Adversarial examples in neural networks

Posted: 2017-02-21 , Modified: 2017-02-21

Introduction
[LCLS17] Delving into Transferable Adversarial Examples
Questions

Introduction

Statement

Neural networks can be easily fooled—ex. an adversary adding a small amount of noise can change the classification from “dog” to “cat” with high confidence. It can be fooled even by a weak adversary with just black-box access!

Related to making NN’s resistant: Have NN’s give a confidence bound.

Ideas:

Use uncertainty quantification from statistics: Fisher information. See personal communication with Jacob S.
Use an ensemble of neural nets. Train an ensemble in parallel, vs. train together against a discriminator.
Sleeping in NN
Use some kind of calibration. I have a suspicion that cross-entropy simply doesn’t generalize because losses are unbounded.
Active learning
Make Lipschitz/other regularization. Give noisy example with the kind of noise you want to be resistant against. (ex. use wavelet basis in convolution)
Boosting
\(\iy\to 2\) norm. SDP relaxation, etc. (Jacob S)
Path norm SGD.
Quantization. Can we still get adversarial examples if all values are rounded to 0 or 1? (both during training and test) (Maybe adversarial for \(L^1\) norm now, change the coordinates with largest gradient.)
PCA. Can we just kill coefficients of large components? Can we train adversarially against these?
Enforce sparsity (or recover manifold) in hidden layers.
“How much more does it cost to train this example correctly?”

Blog posts

Literature

[SZSB14] Intriguing properties of neural networks paper
Ian J Goodfellow, Jonathon Shlens, and Christian Szegedy. Explaining and harnessing adversarial examples. arXiv preprint arXiv:1412.6572, 2014.
[NYC15] Deep Neural Networks are Easily Fooled - High Confidence Predictions for Unrecognizable Images
[LCLS17] Delving into Transferable Adversarial Examples and Black-box Attacks

Experiments

Reproduce adversarial examples result on a simple dataset, e.g. MNIST.
Try training an ensemble of NN in parallel and compare to predictions of a single one.

Theory

Think in terms of learning theory, VC dimension…

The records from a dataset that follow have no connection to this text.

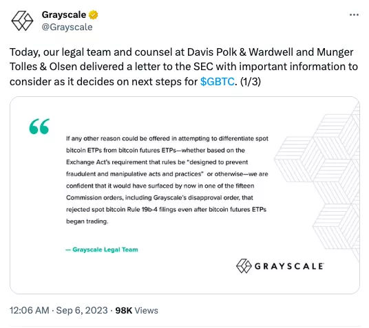 Grayscale утверждает, что спотовый биткойн-ETF одобрят, поскольку он основывается на том же соглашении о надзоре за рынком, что и Чикагская товарная биржа, которое SEC сочла достаточным для фьючерсных биржевых фондов на основе первой криптовалюты.
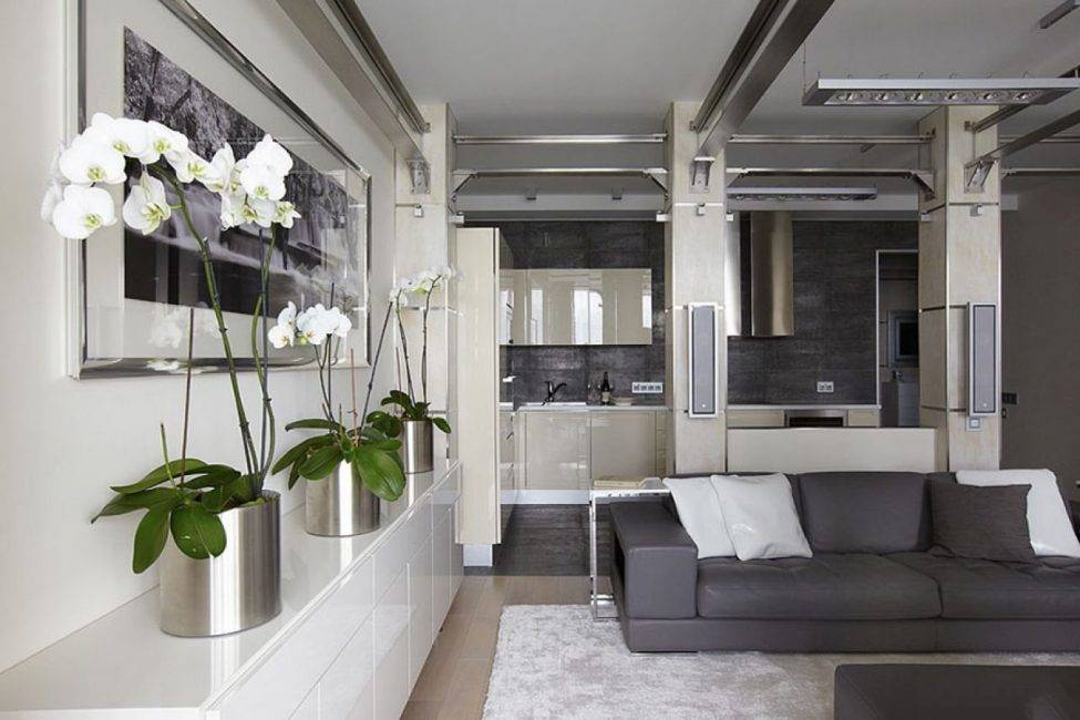 В крупногабаритных гостиных хорошо смотрятся большие растения, в том числе и пальмы или цветы в высоких вазах. В таких комнатах также можно разместить несколько композиций из декоративных «насаждений». В небольших гостиных рекомендуют размещать цветы в компактных вазах или горшках.
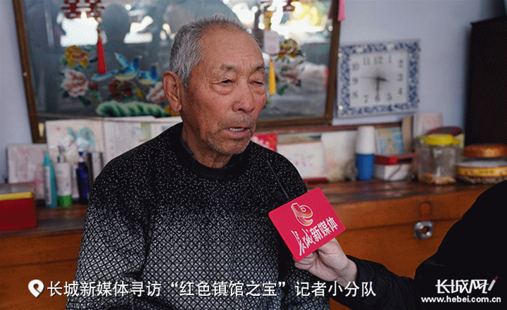 记者正在采访潘家峪惨案幸存者潘春义。长城网记者 冯立华 摄
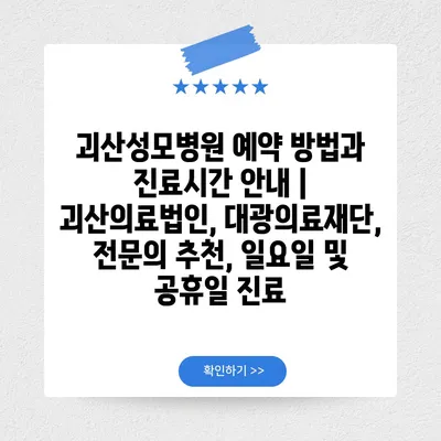 ✅ 괴산성모병원의 진료 시간과 예약 방법을 자세히 알아보세요.

[LCLS17] Delving into Transferable Adversarial Examples

Model, training data, training process, test label set unknown to attacker.
Large dataset (ImageNet)
Do not construct substitute model

What is the difference between targeted and non-targeted transferability?

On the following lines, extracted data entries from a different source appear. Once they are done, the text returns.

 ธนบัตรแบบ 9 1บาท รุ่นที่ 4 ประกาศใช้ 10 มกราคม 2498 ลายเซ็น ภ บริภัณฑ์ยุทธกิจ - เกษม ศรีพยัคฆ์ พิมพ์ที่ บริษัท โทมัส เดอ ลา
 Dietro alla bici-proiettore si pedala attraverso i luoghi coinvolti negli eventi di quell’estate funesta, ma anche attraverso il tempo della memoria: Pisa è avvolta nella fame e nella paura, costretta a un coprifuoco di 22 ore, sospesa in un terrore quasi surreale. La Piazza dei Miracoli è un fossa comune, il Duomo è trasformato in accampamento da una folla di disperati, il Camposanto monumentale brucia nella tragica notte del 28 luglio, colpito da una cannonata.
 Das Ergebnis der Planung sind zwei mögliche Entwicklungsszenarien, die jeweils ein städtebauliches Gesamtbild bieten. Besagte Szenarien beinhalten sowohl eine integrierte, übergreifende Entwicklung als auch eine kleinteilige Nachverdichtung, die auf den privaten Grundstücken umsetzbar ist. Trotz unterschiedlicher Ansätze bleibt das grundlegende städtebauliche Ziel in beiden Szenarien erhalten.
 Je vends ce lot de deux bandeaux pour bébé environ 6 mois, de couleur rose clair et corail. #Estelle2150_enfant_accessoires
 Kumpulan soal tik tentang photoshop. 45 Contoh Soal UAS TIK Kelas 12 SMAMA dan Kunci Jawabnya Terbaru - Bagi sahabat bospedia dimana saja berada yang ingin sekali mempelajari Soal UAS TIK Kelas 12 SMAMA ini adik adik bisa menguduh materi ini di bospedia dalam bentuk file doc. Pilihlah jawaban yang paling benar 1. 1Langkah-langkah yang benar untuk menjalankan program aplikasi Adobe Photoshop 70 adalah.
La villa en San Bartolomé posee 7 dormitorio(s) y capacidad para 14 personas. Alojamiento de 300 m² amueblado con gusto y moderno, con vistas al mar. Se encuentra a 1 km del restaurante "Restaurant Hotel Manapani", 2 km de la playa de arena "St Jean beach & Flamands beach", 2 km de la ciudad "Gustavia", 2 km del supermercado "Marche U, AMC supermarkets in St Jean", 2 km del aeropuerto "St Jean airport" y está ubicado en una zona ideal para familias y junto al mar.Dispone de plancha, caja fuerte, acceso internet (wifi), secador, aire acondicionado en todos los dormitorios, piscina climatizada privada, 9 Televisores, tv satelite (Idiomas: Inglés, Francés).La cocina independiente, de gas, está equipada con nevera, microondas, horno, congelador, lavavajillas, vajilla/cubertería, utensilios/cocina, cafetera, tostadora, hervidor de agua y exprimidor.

Non-targeted: \(x^*\approx x\), \(f_\te(x^*)\ne f_\te(x) = y\). (Constrain \(d(x,x^*)\le B\).)
Targeted: \(x^*\approx x\), \(f_\te(x^*)=y^*\).

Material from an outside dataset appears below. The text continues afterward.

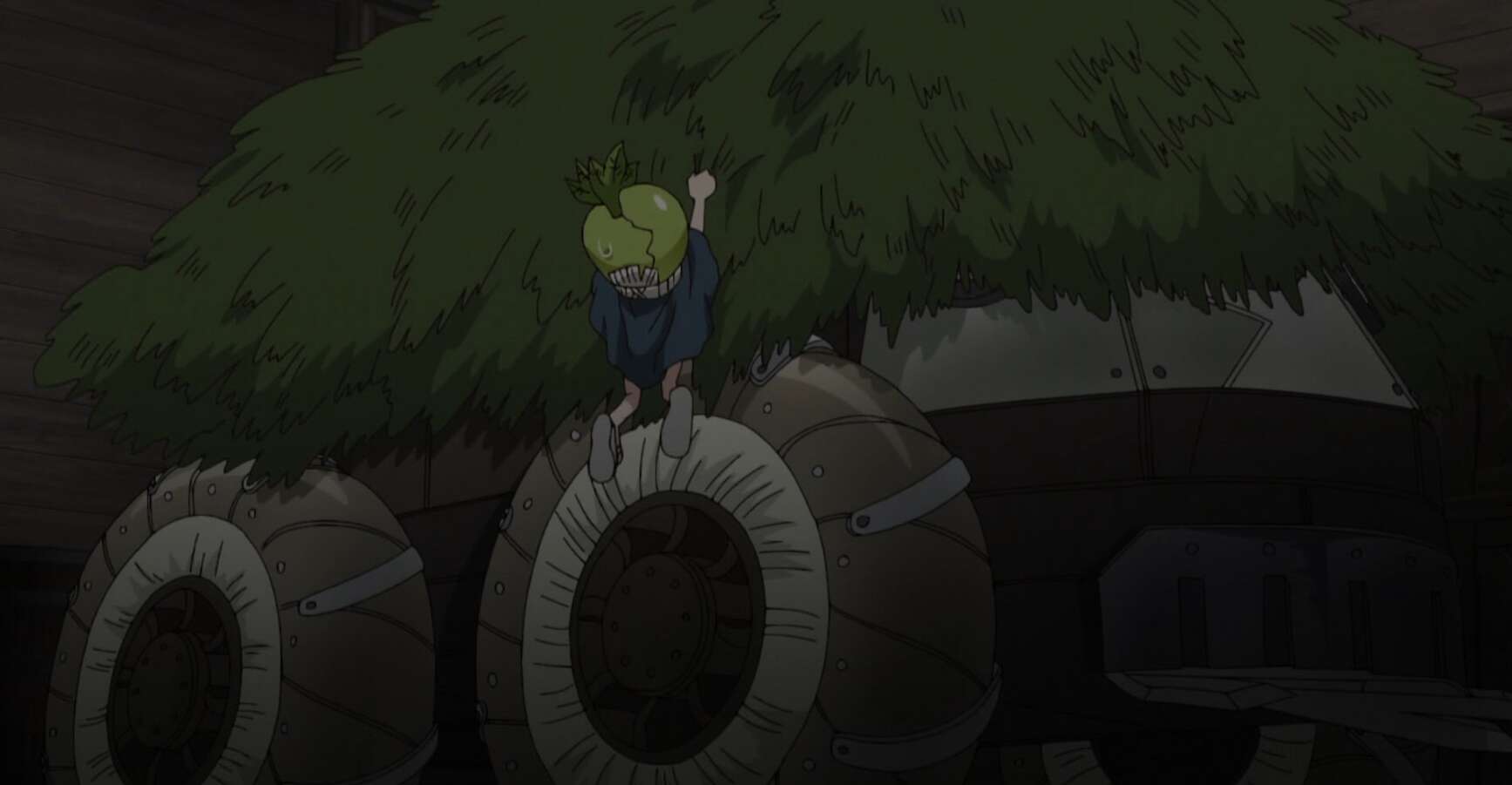 脱出させたラボカーに千空達は乗り込み、スイカと銀狼は千空達と合流します。しかし、脱出したラボカーはすぐに敵に取り囲まれてしまいます。しかしながら、島の人は自動車を知らないので、ラボカーを生き物と思い込み取り囲んだままラボカーに近付こうとしません。
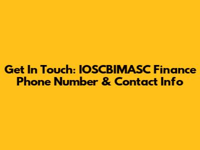 Get In Touch: IOSCBIMASC Finance Phone Number & Contact Info

3 approaches: Suppose \(f = \max_i J_\te(x)_i\), where \(J_\te(x)\) is vector of probabilities.

Optimization \(\amin_{x^*} \la d(x,x^*) - \ell(\one_y, J_\te(x^*))\). Ex. \(\ell(u,v) = \ln (1-u\cdot v)\).
Fast gradient \(x^* \leftarrow \text{clamp}(x+B\sign (\nb_x \ell(\one_y, J_\te(x))))\).
Fast gradient sign \(x^* \leftarrow \text{clamp}\pa{x+B\nv{\nb_x\ell(\one_y, J_\te(x))}}\).

Approaches for targeted: Replace constraint with \(f_\te(x^*)=y^*\)

Optimization \(\amin_{x^*} \la d(x,x^*) \redd{+} \redd{\ell'(\one_{y^*}}, J_\te(x^*))\). Ex. \(\ell'(u,v) = \redd{-\sum_i u_i \lg v_i}\).
Fast gradient \(x^* \leftarrow \text{clamp}(x\redd{-}B\sign (\nb_x \redd{\ell'(\one_{y^*}}, J_\te(x))))\).
Fast gradient sign \(x^* \leftarrow \text{clamp}\pa{x\redd{-}B\nv{\nb_x\redd{\ell'(\one_y}, J_\te(x))}}\).

Experiments

Choose 100 images (ILSVRC2012 dataset) which can be correctly classified by all 5 models.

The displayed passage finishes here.